Monday, 20 July 2015

Eyre Creek

The large waterhole with copious lignum, located on the Eyre Development Road about 40km south of Bedourie (or 125km north of Birdsville), is another place where Grey Grasswrens (Amytornis barbatus) have been recorded.
The waterhole is on Eyre Creek, which runs west and then south from the water hole eventually disappearing into the Simpson Desert. This watercourse probably once discharged into Lake Eyre before drifting sand dunes, which are now stable, cut off its course.
We camped on Eyre Creek for a night and searched again for GGW in the afternoon and the morning - once again without success.
Campsite on Eyre Creek under an ancient spreading Coolibah tree.
There were a number of water birds on the creek/waterhole including Pelican, Darter, White-necked and White-faced Heron, Yellow Spoonbill the odd Eurasian Coot and Masked Lapwings.
View upstream from our campsite – note the fringing lignum.
This site had the most extensive lignum stands we have encountered so far and the lignum was in good condition with fresh green growth following recent rains. So one would expect that conditions were ideal for Grey Grasswrens.
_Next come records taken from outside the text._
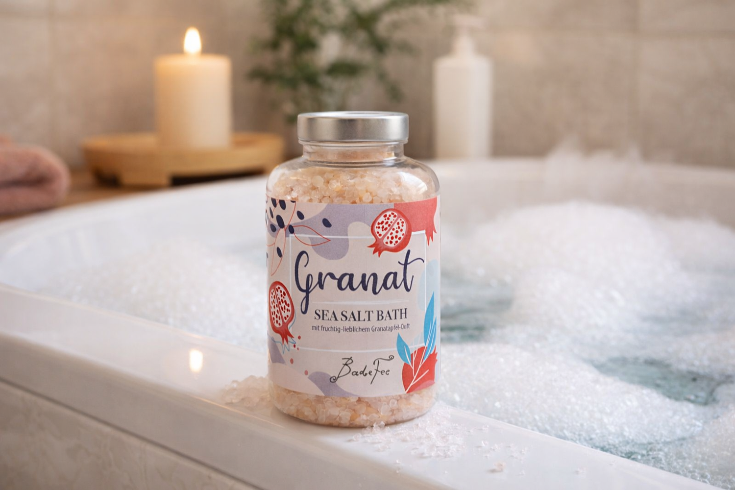 Badefee Badesalz Granat 500 g – Meersalzkristalle mit fruchtigem Granatapfelduft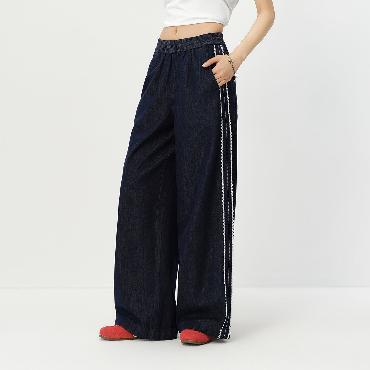 森柔牛仔|森马阔腿牛仔裤女2025秋冬白色牛仔裤简约女士高腰裤子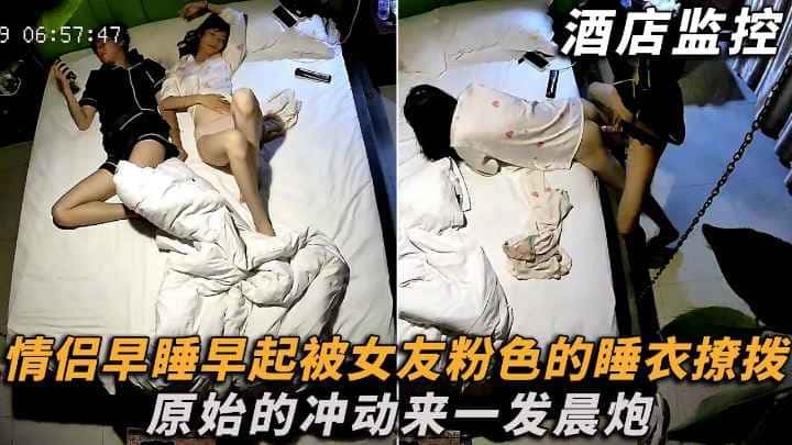白天玩累的情侣早睡早起被女友粉色睡衣撩拨着原始的冲动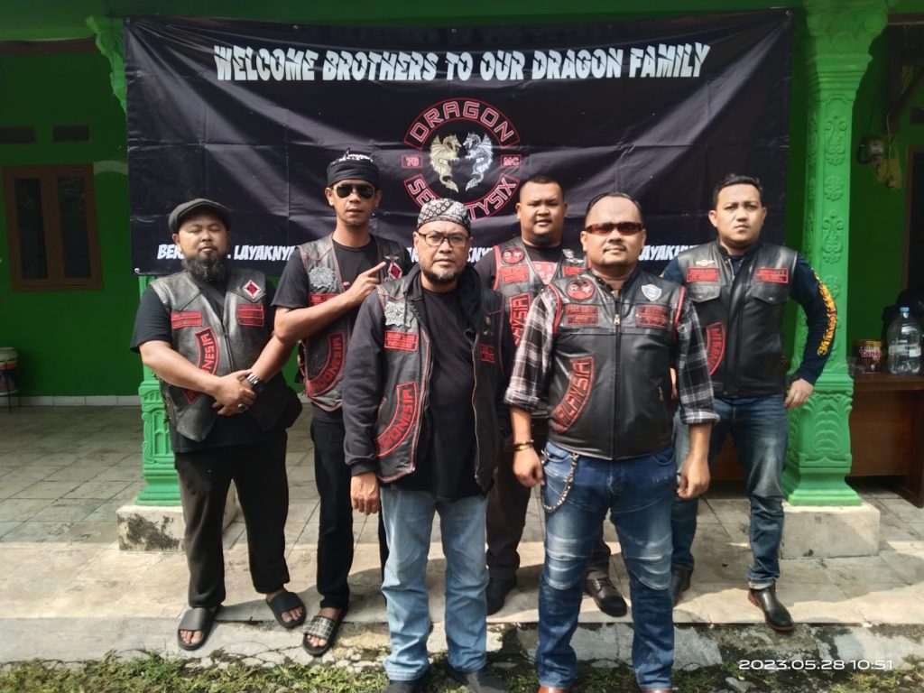Mico Mahardika, President Dragon Seventysix MC Indonesia Chapter, yang didampingi oleh Vice President Bro Ghani dan Secretary.

However these birds are reputed to be very shy and hard to find even when it is known they are present.
We found it hard to know how to go about looking for them in such a vast area of lignum. In the end we adopted the strategy of walking slowly by as many large lignum clumps as possible, stopping frequently to listen for their calls which we thought they would make in response to our presence, and thereby giving us a location where we might concentrate our search.
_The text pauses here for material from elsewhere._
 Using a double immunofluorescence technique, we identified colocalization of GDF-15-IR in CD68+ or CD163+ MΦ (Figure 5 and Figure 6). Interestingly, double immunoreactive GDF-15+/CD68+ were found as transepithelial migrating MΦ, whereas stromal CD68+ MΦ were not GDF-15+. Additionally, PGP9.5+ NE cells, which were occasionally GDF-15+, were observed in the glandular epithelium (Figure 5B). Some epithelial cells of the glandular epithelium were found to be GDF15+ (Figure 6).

At the same time we were also hoping we would luck onto a bird that popped up to take a look at the intruders. Once again all to no avail with not one single hint of a GGW after several hours searching.
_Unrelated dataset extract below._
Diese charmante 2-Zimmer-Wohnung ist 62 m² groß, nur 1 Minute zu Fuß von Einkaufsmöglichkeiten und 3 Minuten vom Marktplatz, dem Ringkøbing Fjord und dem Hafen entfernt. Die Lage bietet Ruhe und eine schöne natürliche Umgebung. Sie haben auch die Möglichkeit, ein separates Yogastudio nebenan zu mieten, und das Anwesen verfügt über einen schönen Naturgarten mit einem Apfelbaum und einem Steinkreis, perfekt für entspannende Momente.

We did however find other species at the location to enjoy and photograph.
White-necked Heron taking flight at my sudden presence.
First it flew one way – note the lignum in background.
Then it flew the other way eventually landing some distance downstream
Some Pelicans having a break from fishing.
Caspian Terns, our largest tern, are often found on arid inland waterways and lakes, perhaps surprisingly for a bird we think of as a seabird.
There were also a good number of raptor species at the water hole.
At first I thought this bird might be the rare Letter-winged Kite as we were within its core range however when it flew I could see no under wing black W marking so it was a Black-shouldered Kite.
Photo of a Letter-winged Kite, which look very similar to the Black-shouldered Kite, taken near the Birdsville Track in August 2012.
Female Nankeen Kestrel perched above waterhole.
Some of the 40 - 50 Black Kites in the area. Unlike other raptors, this species seems to often gather in large flocks to feed and roost.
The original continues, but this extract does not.